AVFP Security- Lockdown VFP file extensions

Topics: Developer Forum
Developer
Nov 5, 2013 at 2:25 PM
I doubt AVFP has any need to call VFP files from browser. If not, then maybe it'll be better to lock down these files in IIS.

If you are running .net framework ver 4.0, then I propose we change the web.config in our AVFP application 'root' as follows
  <system.webServer>


    <!-- The all VFP file Extensions  i.e. .prg .fxp etc need to be disabled from being called from browser 
         The following will work in non-debug mode only.
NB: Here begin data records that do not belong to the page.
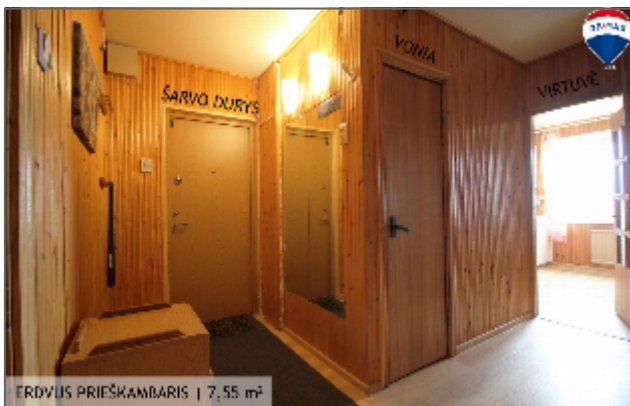
ERDVIS PRIEŠKAMBARIS | 7,55 m 2
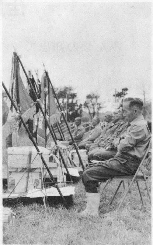
畜産共進会で晴れの優等に輝いた方々

第十回伊勢志摩畜産共進会 (伊勢市、度会郡度会町、御 菌村、志摩郡磯部町などで組 織)は去る十月十七日伊勢市 の県営体育館広場で開かれま した。 各農家が愛情と手塩にかけ て育てた約八〇頭が出品され 盛況のうちに行なわれました。 この結果つぎの方々が入賞 されました。
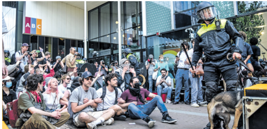
من لحظة الشرطة في جامعة امستردام، اول من أمس (فيديو هاتجيب بالانجليزي)
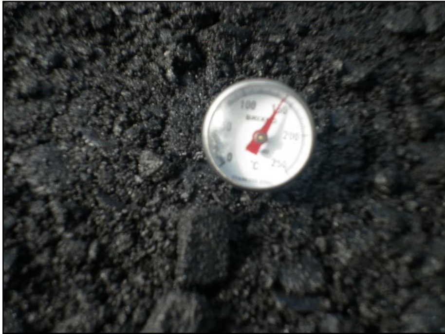
Imagen 8 Revisión de la temperatura de Extendido.
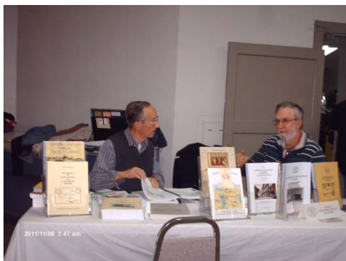
La Société d'histoire postale du Québec
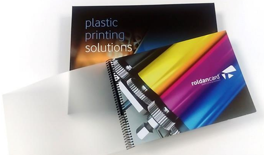
Mostrario de Roldan Card.

Las planchas Toray son planchas negativas, térmicas y no ablativas que se usan en máquinas de impresión tradicionales equipadas con sistemas de control térmico para imprimir de modo eficaz sobre papel, plástico y otros soportes sin soluciones de humectación. Las planchas IMPRIMA están pensadas para adaptarse a los requisitos de aplicaciones concretas. La gama incluye las planchas IMPRIMA SB, SC y SD (impresión de seguridad y alta definición), IMPRIMA LB (producción de etiquetas en alta resolución), IMPRIMA WA y WB (impresión offset rotativa por absorción o por calor) e IMPRIMA MC (para impresión sobre plásticos).
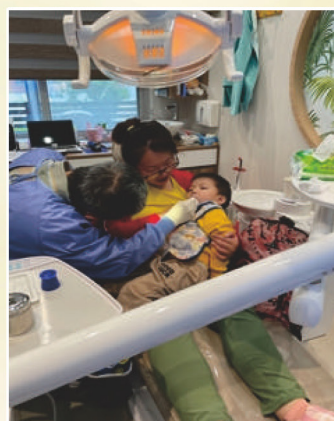
有效解決幼兒治療哭鬧的問題
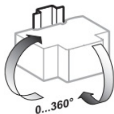
Instalare în orice poziție.
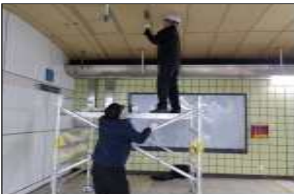
천정형 피난유도등 보수작업
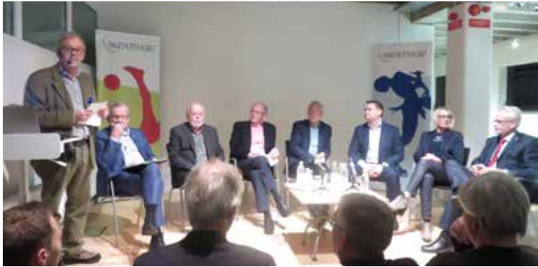
Panelen under hösträffen.

– Politiskt gäller det att ligga rätt. Det är lättare att driva stora projekt som OS om det inte är valtider. I annat fall får man räkna med att det finns partier som försöker vinna enkla debattpoäng.
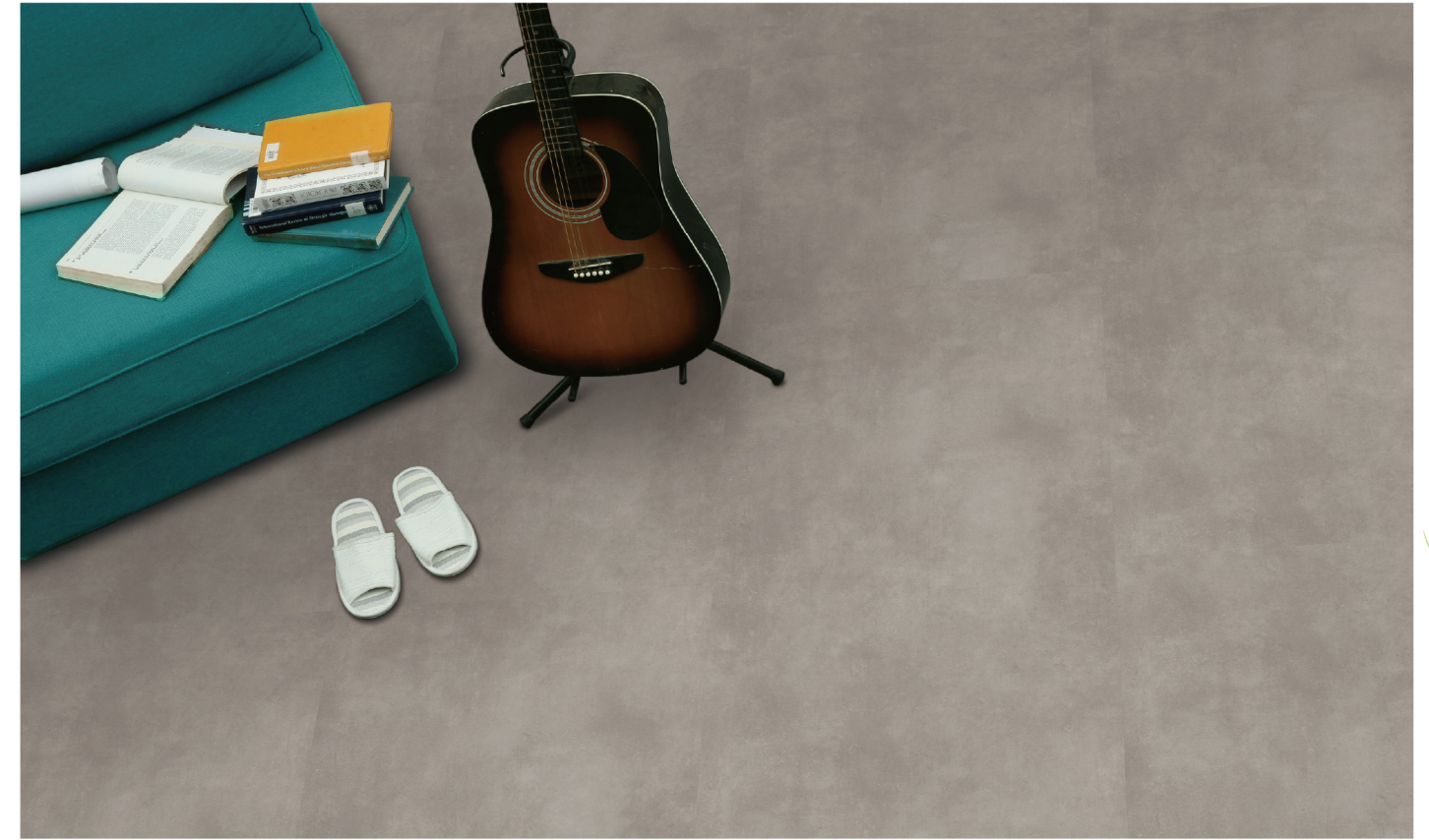
PE 70XXL 905 - Concrete original ash mist

     Also, to force the ajax calls to work.. we are setting the Access-Control-allow-origin setting to least security level.. Pending.. cor
      -->                   
    <security>
        <requestFiltering>
            <fileExtensions>
                <add fileExtension=".prg" allowed="false" />
        <add fileExtension=".fxp" allowed="false" />
        <add fileExtension=".bak" allowed="false" />
        <add fileExtension=".cdx" allowed="false" />
        <add fileExtension=".dbc" allowed="false" />
        <add fileExtension=".dbf" allowed="false" />
        <add fileExtension=".dll" allowed="false" />
        <add fileExtension=".ocx" allowed="false" />
        <add fileExtension=".pjt" allowed="false" />
        <add fileExtension=".pjx" allowed="false" />
        <add fileExtension=".tbk" allowed="false" />
        <add fileExtension=".vct" allowed="false" />
        <add fileExtension=".vcx" allowed="false" />
        <add fileExtension=".dcx" allowed="false" />
        <add fileExtension=".err" allowed="false" />
        <add fileExtension=".exe" allowed="false" />
        <add fileExtension=".fky" allowed="false" />
        <add fileExtension=".fll" allowed="false" />
        <add fileExtension=".fmt" allowed="false" />
        <add fileExtension=".fpt" allowed="false" />
        <add fileExtension=".frx" allowed="false" />
        <add fileExtension=".idx" allowed="false" />
        <add fileExtension=".dct" allowed="false" />
        <add fileExtension=".app" allowed="false" />

            </fileExtensions>
        </requestFiltering>
    </security>
     <httpProtocol>
          <customHeaders>
              <add name="Access-Control-Allow-Origin" value="*" />
          </customHeaders>
     </httpProtocol>
  </system.webServer>
Anyone see problems with this?
Developer
Nov 5, 2013 at 2:48 PM
Also, if you are implementing debug in ver 6.03 as per my previous email then..

then change the config file for windows authentication and set-up folder permissions as per your requirements.
 <system.web>
    <authentication mode="Windows" />
  </system.web>
Coordinator
Nov 5, 2013 at 9:44 PM
I thought those types of files were in folders inaccessible to a web browser?

Could you give an example URL to the demo site where you can call or bring up one of these files in a browser?
Developer
Nov 6, 2013 at 12:16 AM
Hi Claudefox,

You are correct. We do not have these files accessible in ver 6.03.

However, I was just trying to addrress security issues in Avfp which came up during my QA. I've handled them little differently in my version which is not relevant in AVFP 6.03. However, my intension was to give AVFP developers some food for thought on hiddenSegments,fileExtensions etc before they release apps into production.

Regarding the URL.

Try this, which is our demo site in codeplex . I've used a simple file ( just to let you know I had no dire intentions), but this could easily have been a more nasty VFP file.

Disgruntled ex-employees have been know to do worse.
Coordinator
Nov 6, 2013 at 3:20 PM
Thanks. It's not much of an exploit though since you can easily change the Upload directory (which goes to /Temp I believe) to something you can't view.
Developer
Nov 7, 2013 at 3:47 PM
Yep, it's not a big deal to handle but easy to overlook.

It took me much longer to figure it out. I normally delete these files within 4 minutes. That short period was enough to move permanently into another folder. Lucky this was just testing otherwise could have been nasty indeed.

Having sample fileExtensions/hiddensegments in web.config would provide a hint to developers to pay attention to these details too, I would think.